Market Movements and Information Cascades
Major US indexes have risen to record highs today in response to a positive outlook triggered by rising earnings and anticipation of the central bank rising rates in Europe. The Dow climbed nearly 70 basis points today to close at a record high of 17555, recording a gain of 5.9% since the beginning of the year.
While long-term investors may be excited at the prospect of rising dividends and the increasing value of US corporations, day traders have a much different outlook regarding their security selection. On a daily basis, stocks move based off of investors expectations regarding future performance rather than any increase in real value. This prompts day traders to spend much of their time gauging the attitude of other investors rather than evaluating future valuations. Regardless of whether or not a company will experience cost advantages in the future, if investors have a positive outlook on a company the price of the stock will reflect it today.
This interestingly relates to a key concept that we recently covered in HW 6: the information cascade. An information cascade occurs when somebody’s decision is influenced by the decision of others; in the example we discussed in class an information cascade occurs when the third person picking a marble out of a bag will predict that the bag is blue dominant regardless of what they draw so long as the first two players draw blue marbles.

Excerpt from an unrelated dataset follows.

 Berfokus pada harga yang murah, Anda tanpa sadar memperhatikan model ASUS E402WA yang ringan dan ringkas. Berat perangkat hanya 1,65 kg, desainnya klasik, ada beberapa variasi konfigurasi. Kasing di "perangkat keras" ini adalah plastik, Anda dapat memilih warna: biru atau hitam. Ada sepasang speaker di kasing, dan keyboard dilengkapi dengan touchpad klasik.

The same idea applies to the way that day traders tend to select stocks; rather then choosing to invest in the companies that they think will experience long term growth, they invest in the companies that other investors think will experience long term growth. These are the companies that will move and the day traders will make money off of the momentum. Rather then reading this article and being excited about the prospect of higher future dividends and the potential for realizing capital gains in the long-term, day traders will read this article and then try to determine which companies other investors are most excited about. Information cascades are also the reason behind the current equity bubble, characterized by indexes experience much higher growth than GDP.